Late that night I found a deep heads’ delight. kLL sMTH absolutely wrecked the Ampitheater and spun me down to the Grove for Stray (one half of Ivy Lab). He was laying it in there, drilling dark drum and bass but pausing now and then to express gratitude to the audience’s for their openness. “You’re a pretty open lot. This is some of my favorite music, and it’s been years since I’ve played it.” Tor from Vancouver followed him with a perfect, grounding sunrise set for a bright, colorful capacity crowd. By that time, only the strongest psychedelic sound warriors were still kicking. But at Shambhala, that’s like everybody.

One more story from Brian is worth sharing. 

When I arrived at reception today I saw this super average looking young kid, Alberta license plates. He was by himself but was clearly so stoked. I was bringing in my work crew for like the thirteenth time and was like, “yea whatever this is gonna take a long time to get these credentials.” But the guy was just so excited to see us. I think there’s something that happens as people enter. Barriers break down and there’s this whole spirit that’s there; a friendliness, a genuineness that’s contagious. It takes on different forms and qualities. For us, it was a very different experience. But for, say, a young Albertan it can feel very transformative. And this kid was like, “what’s up Shamb fam?!” And he wanted to hug us all - total strangers.

The Living Room ( Credit:     Banana Cam   )

The Living Room (Credit: Banana Cam)

The Living Room ( Credit:    ConcertSocks  )

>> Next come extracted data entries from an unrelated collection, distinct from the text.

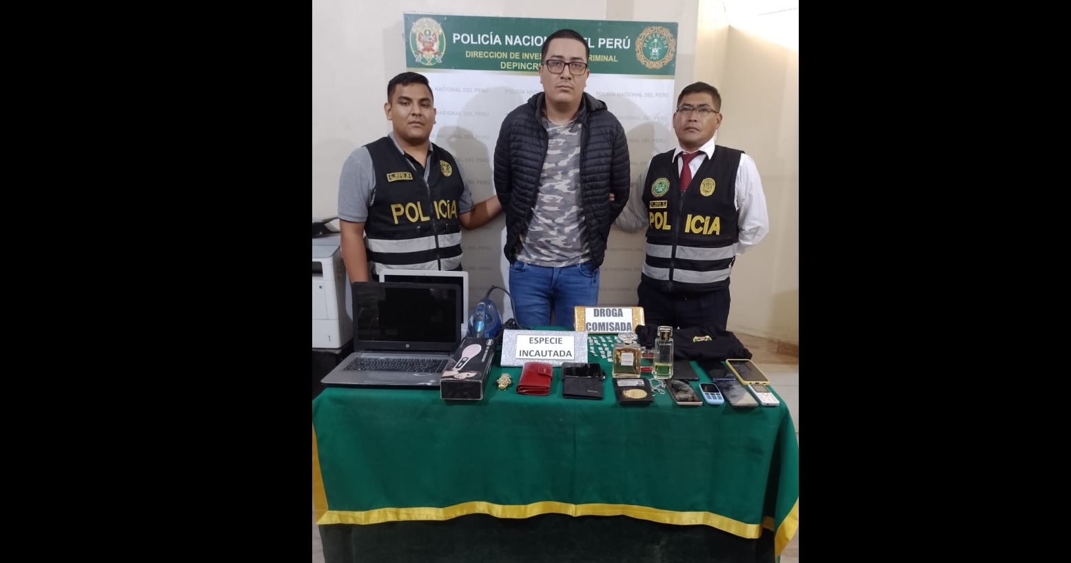 “Personal policial montó un operativo y luego de incursionar en tres domicilios lograron ubicarlo. Cuando los policías encontraron el carné de identidad, que era el objetivo, se dieron con la sorpresa que había 7siete celulares más, perfumes de marca, dos laptops y carteras de reconocidas firmas”, señaló el jefe de la División Policial Norte 2, coronel PNP Rómulo Reyes.
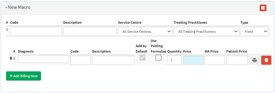 • Click on the Add Billing Item button to add a new billing item to the current macro.
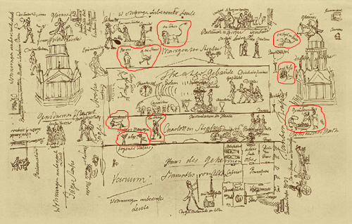 Allerhand weitere Personen, Tiere und eine Rose sind über die Zeichnung vertreut: ein Hund, ein leibhaftiger Nemo, ein Vogel Strauß, zwei Straßenmusikanten spielen einen Walzer, ein Soldat, ein Löwe, die Gemüseweiber vom Gendarmenmarkt, ein Vogel im Fluge und eine Rose.
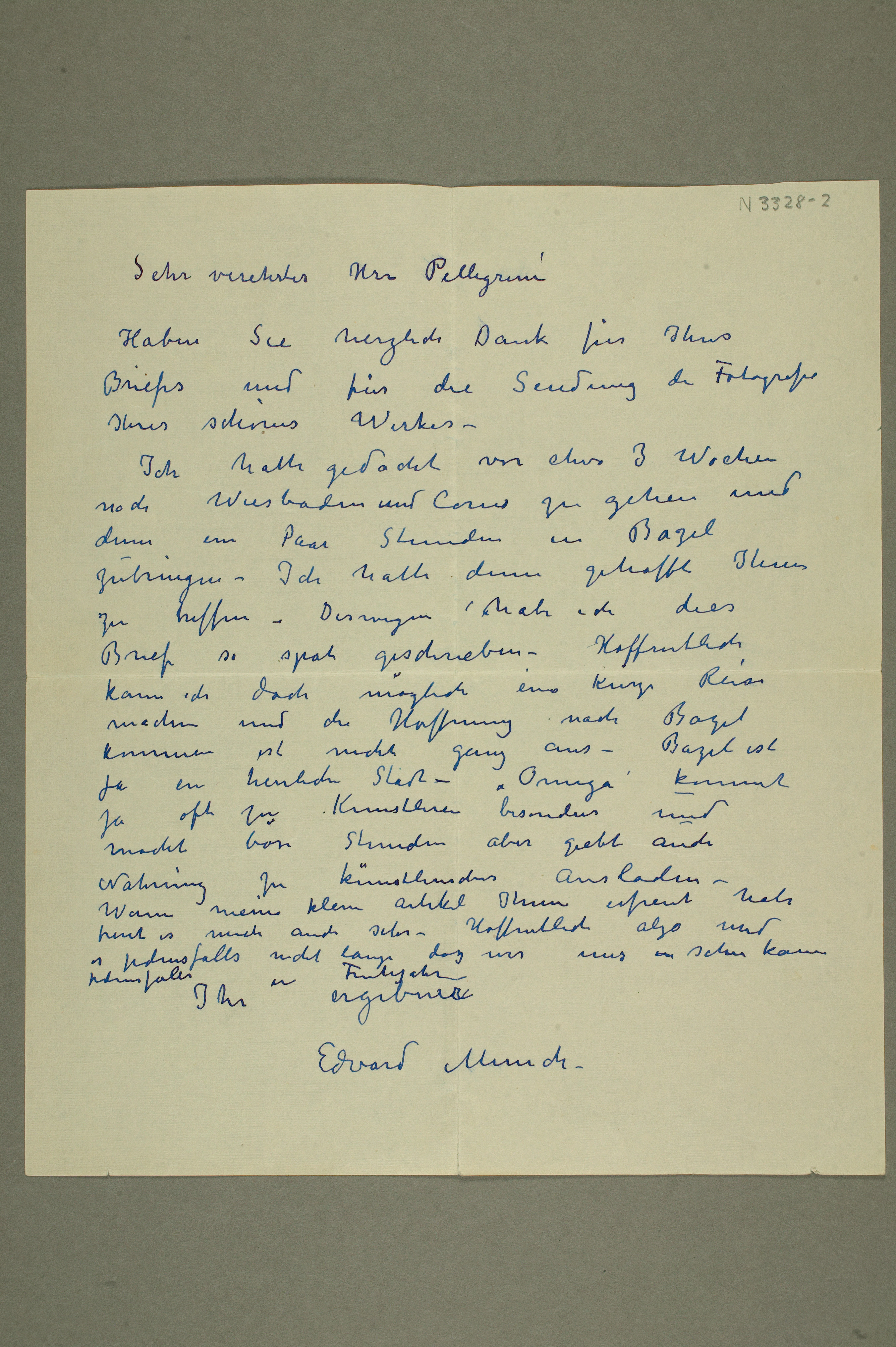 MM N 3328, Munchmuseet. Datert 1929. Brev til Alfred Pellegrini
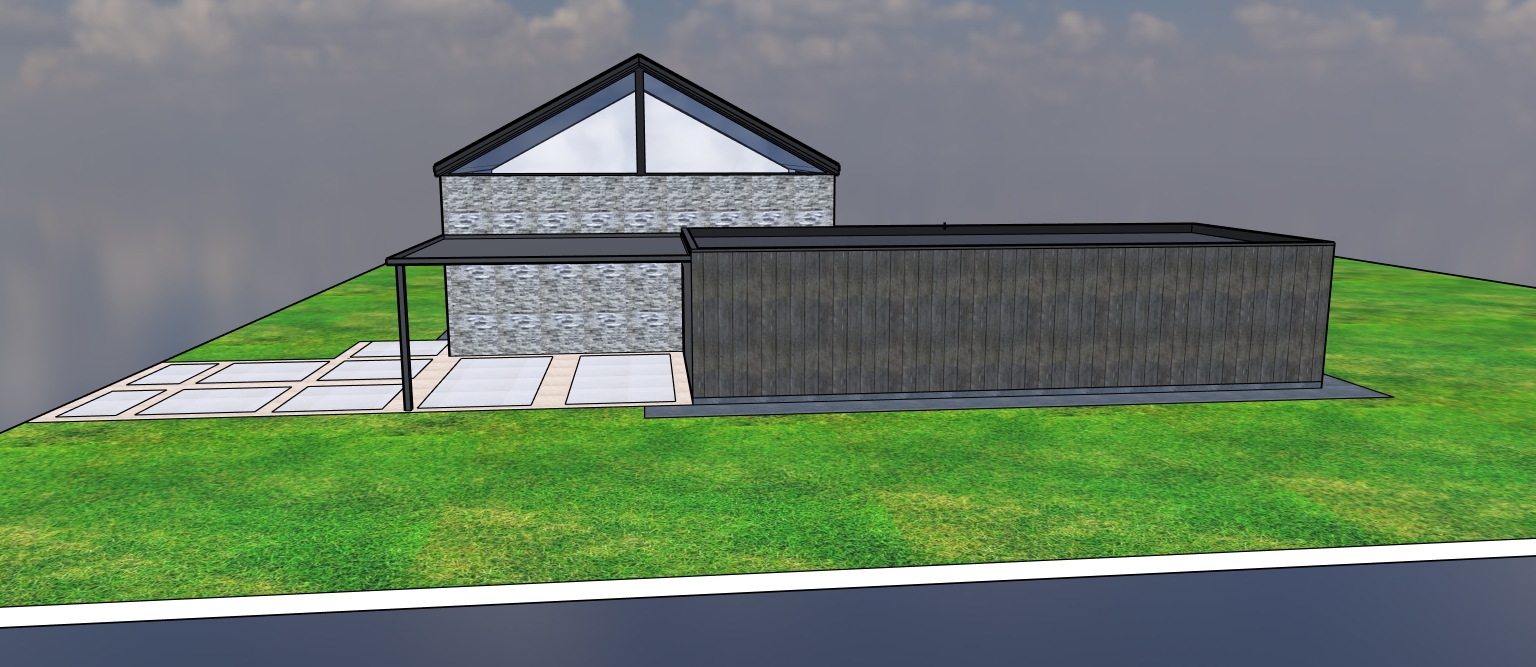 modernist exterior shot render a modern house with a sleek contemporary design the house features two sections one with a triangular roof and one with a flat roof use realistic gray stone textures for the walls of the triangular roof section and dark wood paneling for the flat roofed section the roof is a pitch black modern design the windows are large with clear glass allowing light to stream in the pavement is made of light gray concrete slabs the grass surrounding the house is vibrant green with a well maintained lawn the atmosphere is a serene partly cloudy day with soft natural lighting enhancing the modern and minimalist feel of the scene architecture
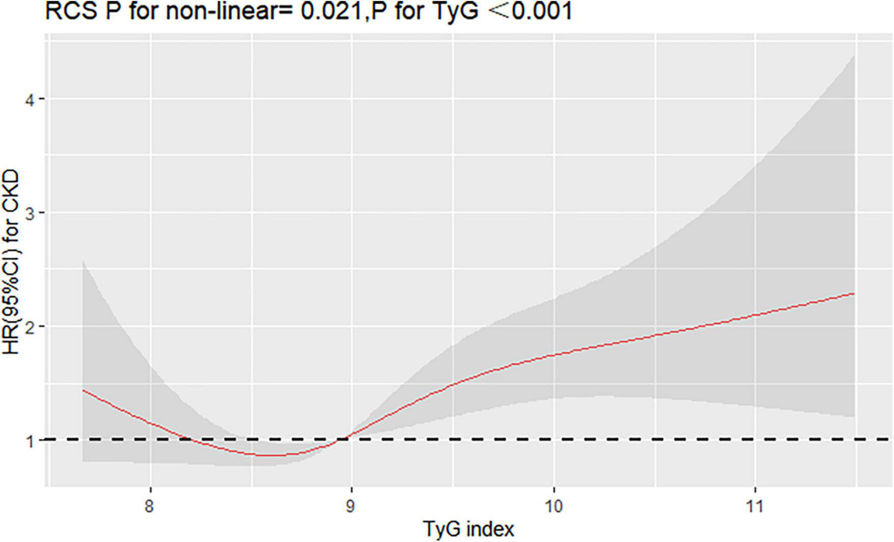 Figure 3. Restricted cubic splines (RCS) for the shape of the association of TyG with CKD. It was used a multivariate Cox regression model of restricted cubic spline with 4 knots (at the 5th, 35th, 65th, and 95th percentiles) of TyG adjusting for potential covariates (including sex, age, smoke, drink, BMI, duration of hypertension, duration of diabetes, SBP, DBP, LDL-C, HDL-C, Cr, BUN, UA, lipid-lowering drugs, antidiabetic drugs, and antihypertensive drugs). The reference point for TyG index was 8.94 (the median of TyG).
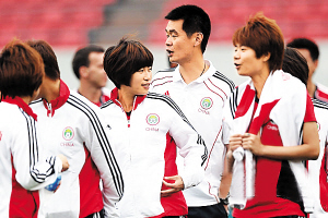| 9月2日,中国女足进行恢复训练,备战与朝鲜队的比赛。图为主教练李霄鹏(中)在训练场上。 小新发 |
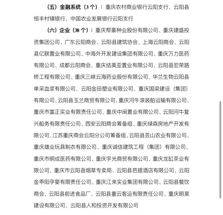 企业38个:重庆帮豪种业股份有限公司、重庆建盛投资集团公司、广东云阳商会、云阳县建筑协会、上海云阳商会、云阳县亿联置业有限公司、中海外开发建设集团有限公司、重庆万力医药有限公司、成都云阳商会、重庆结美亚置业有限公司、云阳县宏荣路桥工程有限公司、重庆三峡云海药业股份有限公司、华兰生物云阳县单采血浆有限公司、云阳金田塑业有限公司、重庆国梁建设(集团)有限公司、云阳县玉兰商贸有限公司、重庆河牛滚装船运输有限公司、重庆市富正实业有限责任公司、重庆中闽置业有限公司、云阳河牛复兴船务有限责任公司、西安云阳商会筹备组、重庆绿森房地产开发有限公司、江苏重庆商会云阳分公司筹备组、云阳县芸山农业有限公司、重庆雄业玩具制衣有限公司、重庆诚信建筑工程(集团)有限公司、重庆市明成医药有限公司、重庆宇光商贸有限公司、重庆龙缸茶业有限公司、重庆市云阳县烟草专卖局、云阳县芭提酒店有限公司、云阳金乖阳孕婴有限责任公司、重庆江来实业集团有限公司、云阳县餐饮商会、云阳县前进食品厂、云阳县重云客运有限责任公司、重庆明昊建设有限公司、云阳县人和投资开发有限公司。
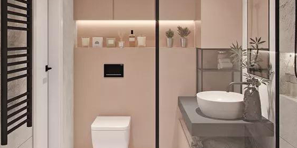 其實(shí),我們完全可以將儲(chǔ)物壓力向墻面轉(zhuǎn)移。只要在馬桶后方打造一個(gè)柜子+壁龕的組合式設(shè)計(jì),就可以得到額外的收納空間。
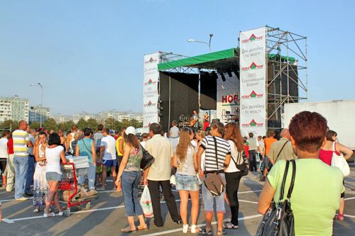 Всех наших гостей ожидало грандиозное шоу с выступлением группы "Скрябин", розыгрышами билетов на концерт Мадонны, зажигательное выступление шоу-балета, выступление "сумасшедших физиков" а напоследок, когда уже стемнело, тысячи гостей которые собрались возле сцены на парковке гипермаркета "Новая Линия", смогли увидеть феерическое лазерное шоу!
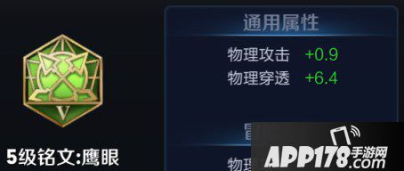 绿色:五级鹰眼,提供物理攻击0.9及物理穿透6.4

The Living Room (Credit: ConcertSocks)

Shambhala is probably the best that the electronic music culture has to offer right now, and that’s pretty damn impressive. DJ Mag recognized this by awarding Shambhala as the best festival in North America in 2019. If you’re part of this culture, and you have the means, experience it at least once. “I’m curious to see what will happen,” said Brian. “22 years going strong. I really feel that Shambhala could sell out in perpetuity. If they kept the numbers and kept the quality. It would be interesting to see where it’s at in 25 or 30 years.”

“If we’re still alive then,” Naasko chuckled.